I was only commenting on "scraps" when I responded. I also have storage places for "left overs" ...another classification altogether.


----------



## iminmyshop (Dec 9, 2012)

Most scraps I toss when projects are done. It takes longer to glue up scraps than the wood is worth most times and I have too few projects that require small pieces. Even when making something small like salt and pepper shakers, if I'm making a bunch of them it's just too time consuming to use the little pieces. They wind up taking up precious space. They take up even more precious time.


----------



## kelvancra (May 4, 2010)

iminmyshop, I used to heat my shop with the little stuff. Now, a lot of projects are about the little pieces. In fact, a lot of the bigger little-stuff gets turned into littler stuff,

Some of the smaller stuff gets used to make small turnings. For example, I have a couple magnetic based lamps I modified by replacing the garbage magnets with plywood and inserting a couple rare earth magnets in them. The hold so strong I would have, eventually, broke the articulating portion, so I added handles to tip them so you could break them lose from metal surfaces. Then there are the turnings I made for decoration.

Cutting the small stuff into, say, 3/8" x 1-1/2" x 7", different woods can be glued and stacked in offset layers to end up with a colorful 2×2 for a cane or walking stick. The one below is curved, obviously, but it could be a straight line too.
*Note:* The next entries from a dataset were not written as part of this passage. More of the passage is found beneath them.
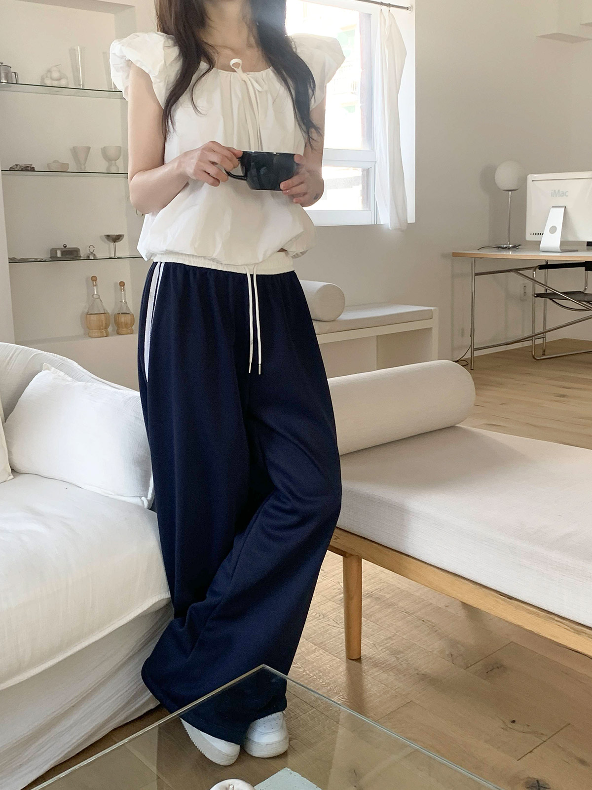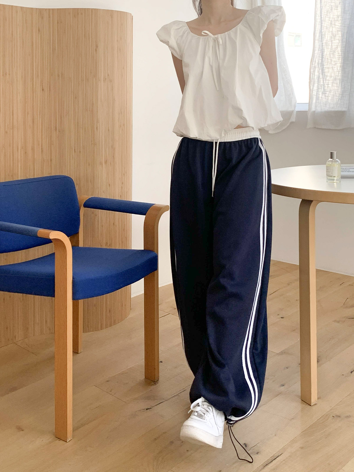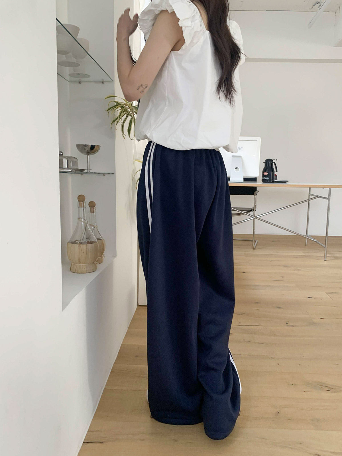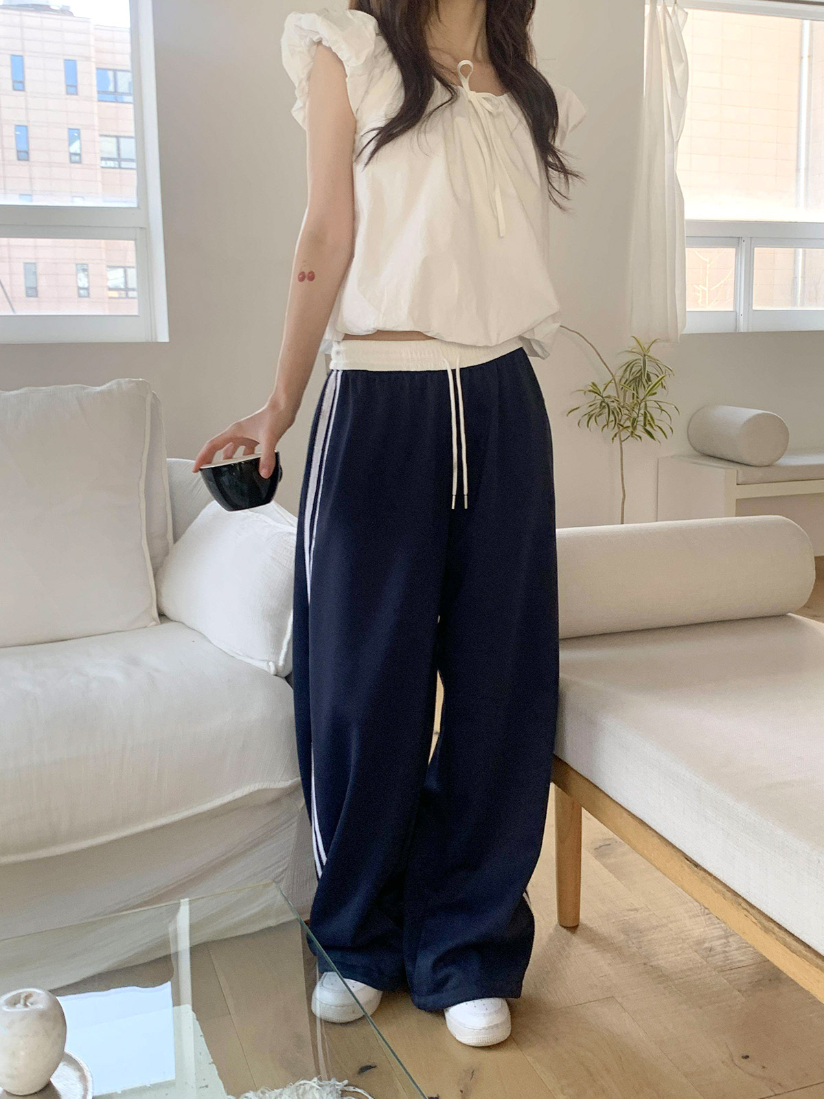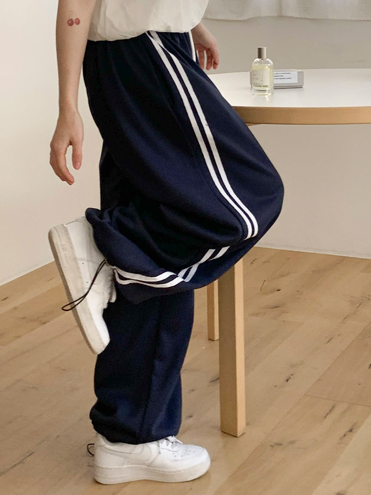 PT15714K5C-케로한 배색 라인 와이드 코튼 밴딩 팬츠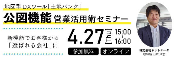 また、今回のアップデートを記念し、当社は4月27日(木)15時より、公図機能公開記念セミナーを開催いたします。セミナーでは公図機能のデモを使った具体的な操作方法、公図機能を活用してお客様に営業活動をする際のポイント等をお伝えします。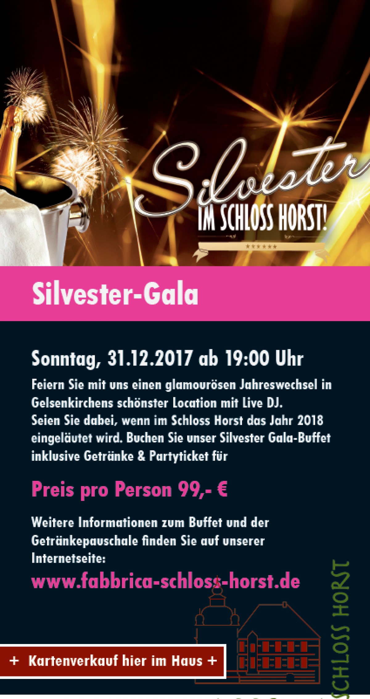 Feiern Sie mit uns einen glamourösen Jahreswechsel in Gelsenkirchens schönster Location mit Live DJ. Seien Sie dabei, wenn im Schloss Horst das Jahr 2018 eingeläutet wird. Buchen Sie unser Silvester Gala-Buffet inklusive Getränke & Partyticket für Preis pro Person 99,- € Weitere Informationen zum Buffet und der Getränkepauschale finden Sie auf unserer Internetseite: www.fabbrica-schloss-horst.de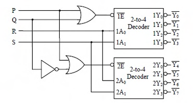 A 1-to-8 demultiplexer with data input Din, address inputs S0, S1, S2 (with S0 as the LSB) and Y0 to Y7 as the eight demultiplexed outputs, is to be designed using two 2-to-4 decoders (with enable input E and address inputs A0 and A1) as shown in the figure. Din, S0, S1 and S2 are to be connected to P, Q, R and S, but not necessarily in this order. The respective input connections to P, Q, R, and S terminals should be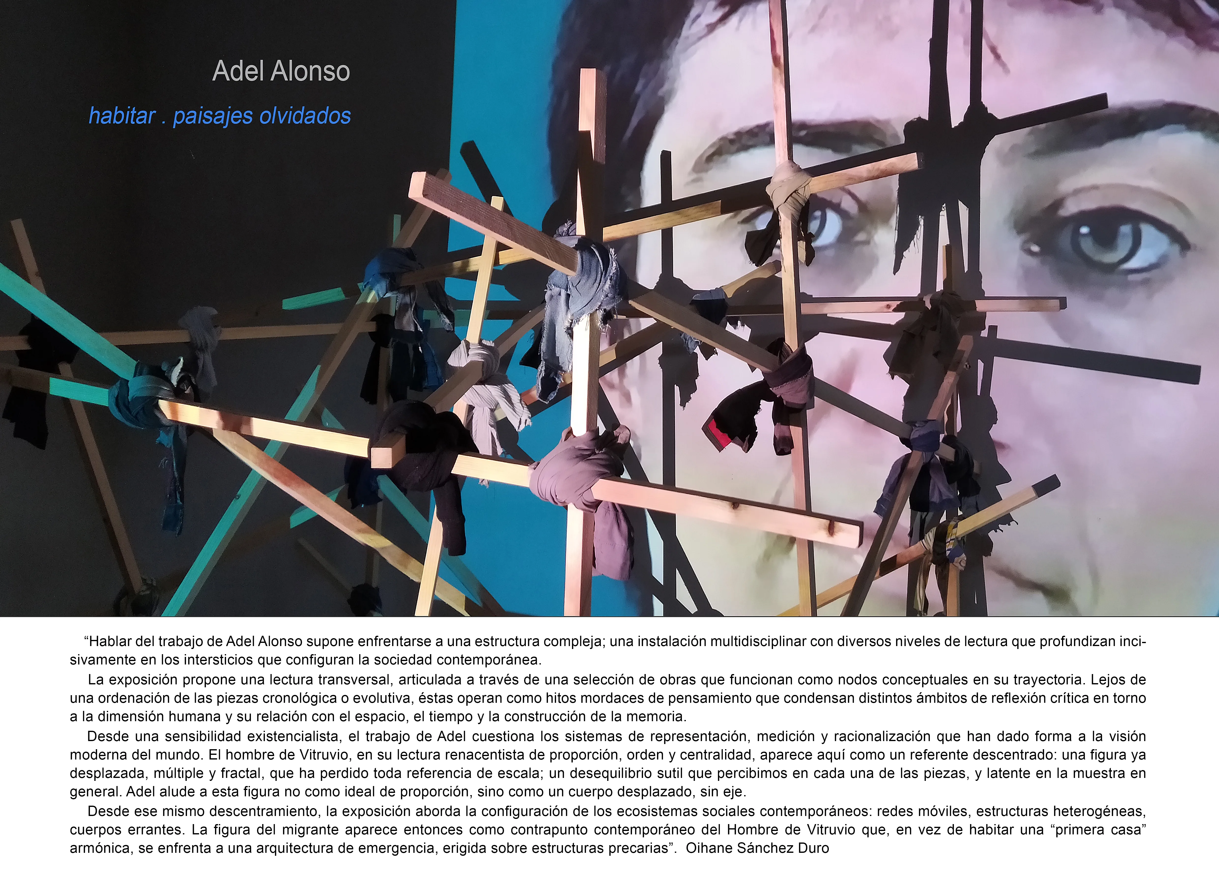 Hablar del trabajo de Adel Alonso supone enfrentarse a una estructura compleja; una instalación multidisciplinar con diversos niveles de lectura que profundizan incisivamente en los intersticios que configuran la sociedad contemporánea.

I throw a lot of the live edges and stuff into half tubs made from 55 gallon drums and neighbors and friends grab it for fire pits (all the treated and painted wood, plywood and other non-burnables go into the trash). If I was not retired and in hobby mode, it would all go into the burn and trash bins.










_
https://www.lumberjocks.com/projects/399169

https://www.lumberjocks.com/projects/348297


----------



## LittleBlackDuck (Feb 26, 2016)

> ... It takes longer to glue up scraps than the wood is worth most times…
> - iminmyshop


Spoken with *smarts*. Far too many people forget to cost *time*...


----------



## LittleBlackDuck (Feb 26, 2016)

> iminmyshop, I used to heat my shop with the little stuff. Now, a lot of projects are about the little pieces. In fact, a lot of the bigger little-stuff gets turned into littler stuff…
> - Kelly


No argument from me *K*, if the little pieces get used… it's when they grab my calculator and multiply beyond my comprehension and storage space, that I recognise I have more than just a drinking problem.


----------



## kelvancra (May 4, 2010)

[But there is a bit of hoarder in most of us.]


----------